● **What you have to do**: Reproduce all of the data exactly, with no line skipped.

● **Supplied material**:
▬▬▬▬▬▬▬▬▬▬

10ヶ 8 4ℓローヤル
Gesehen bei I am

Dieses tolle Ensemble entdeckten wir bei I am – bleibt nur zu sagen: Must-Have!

▬▬▬▬▬▬▬▬▬▬

● **Completed task**:
10ヶ 8 4ℓローヤル
Gesehen bei I am

Dieses tolle Ensemble entdeckten wir bei I am – bleibt nur zu sagen: Must-Have!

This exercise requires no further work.